Cancer's future is full of cockroaches. The really ugly ones.
I wouldn't do any kind of travelling soon, Leo, because it looks like the stars are asking you to stay home. Maybe there's a family member you could reconnect with, or, just reconnect them! If you can find all their parts, that is.
Virgo, why not take a stroll down memory lane and visit some of your old childhood haunts? The river creek where you and your best friend caught frogs one hot summer day, the tree house in your neighbor's backyard, the clifftop where you and your best friend did that awful, terrible thing. I know what you did, Virgo. We all do.

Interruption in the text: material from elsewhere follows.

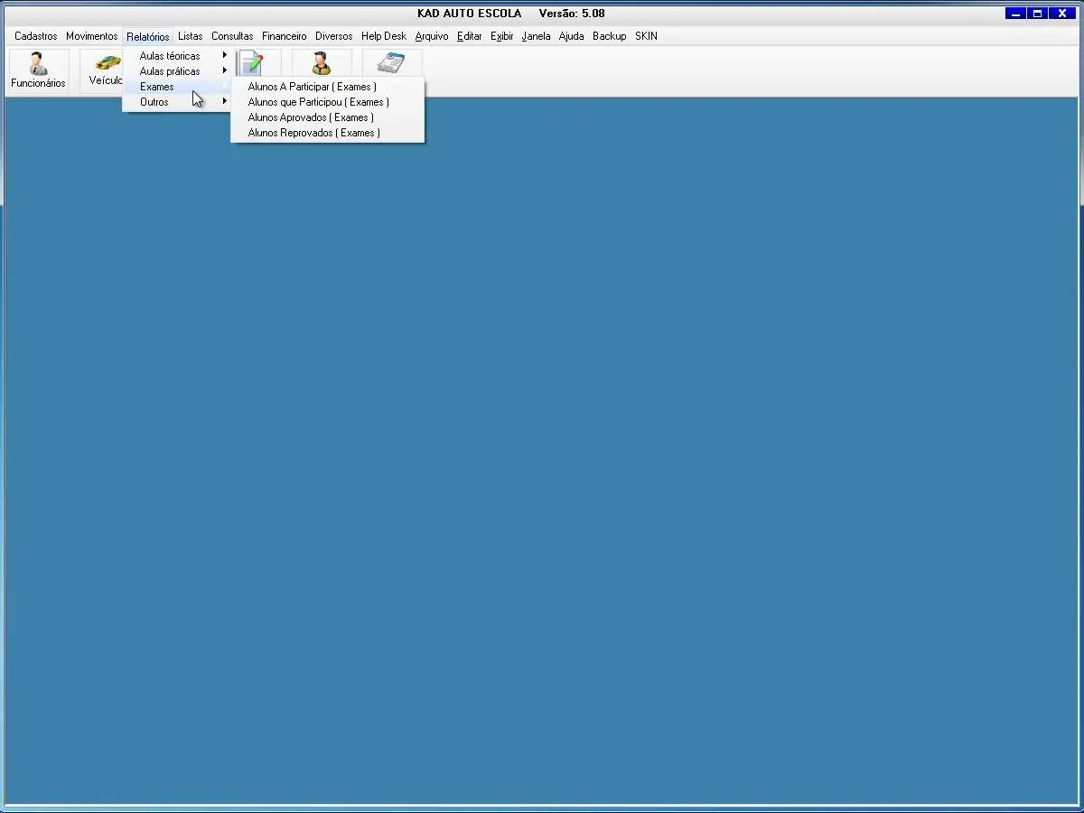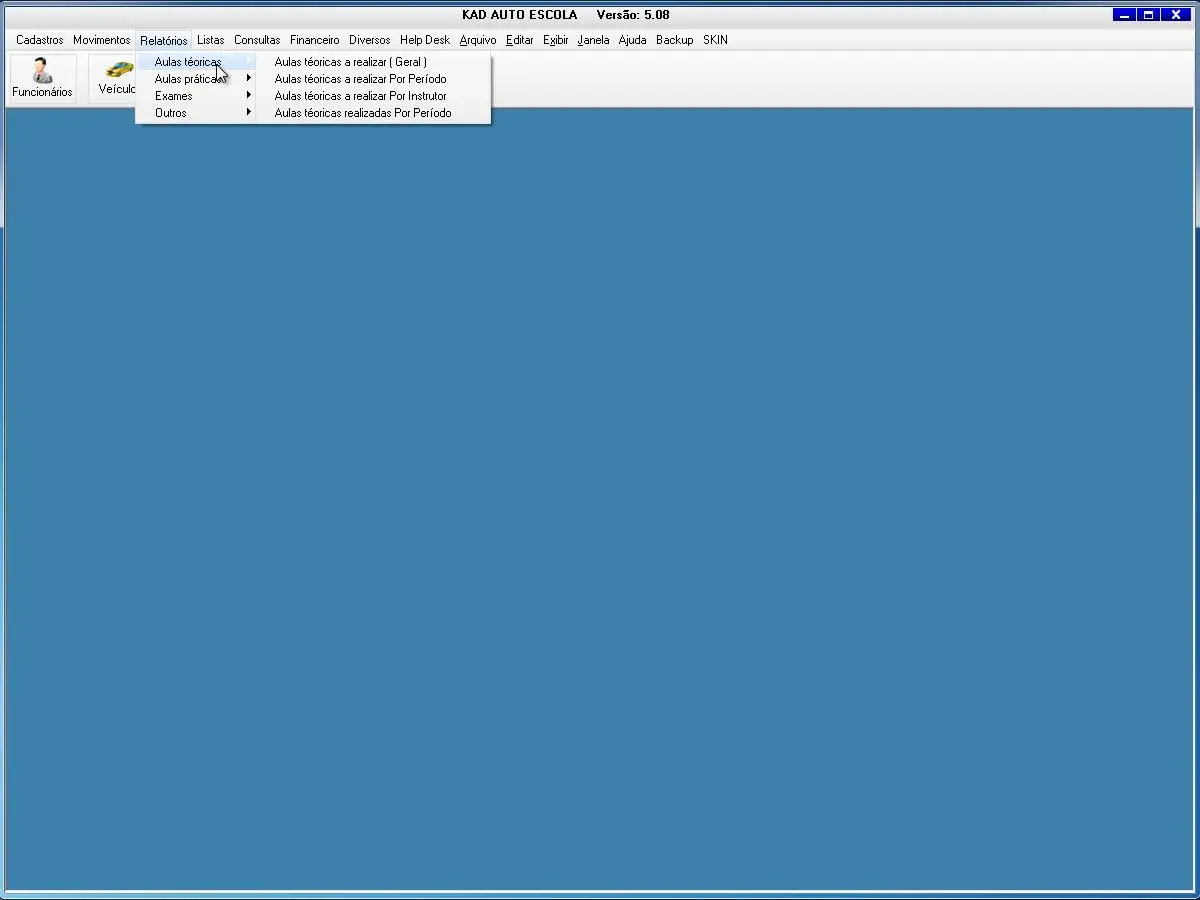 aulas teóricas, aulas práticas, exames, contas a receber, carnês, vendas, aniversariantes

Libra, Libra, Libra. What am I going to do with you? This is...wow, I'm not even sure I want to read this! Um. Libra. Yes. Libras. They're very...interesting, aren't they? Interesting. That's the word. Haha. I am so sorry.
Scorpios can look forward to some great financial gain in the near future! If you've ever had any plans to, oh, I don't know, make a risky fiscal investment, take out a few loans, rob a bank...Scorpios, now's the time to do it!
Sagittarius -- my mun would like to insist that this sign is the best sign, although I, as an impartial, committed radio host, frown on this kind of obvious personal bias. For shame, mun, for shame. No, I'm not even going to tell you what yours is. You can just wait and find out.
Congratulations, Aquarius! Someone you know just won a brand new car!
And finally, for you, dear Pisces, everything looks...pretty good! Considering all those extra limbs of yours. And all those teeth. I would like to personally applaud you for your excellent level of self-esteem and outstanding confidence. You go, Pisces!
This concludes our weekly editorial. Remember, you are in as much control of your own destiny as the next person, and the person next to them, and the person next to them. But in how much control, you ask? Well, how much do you think?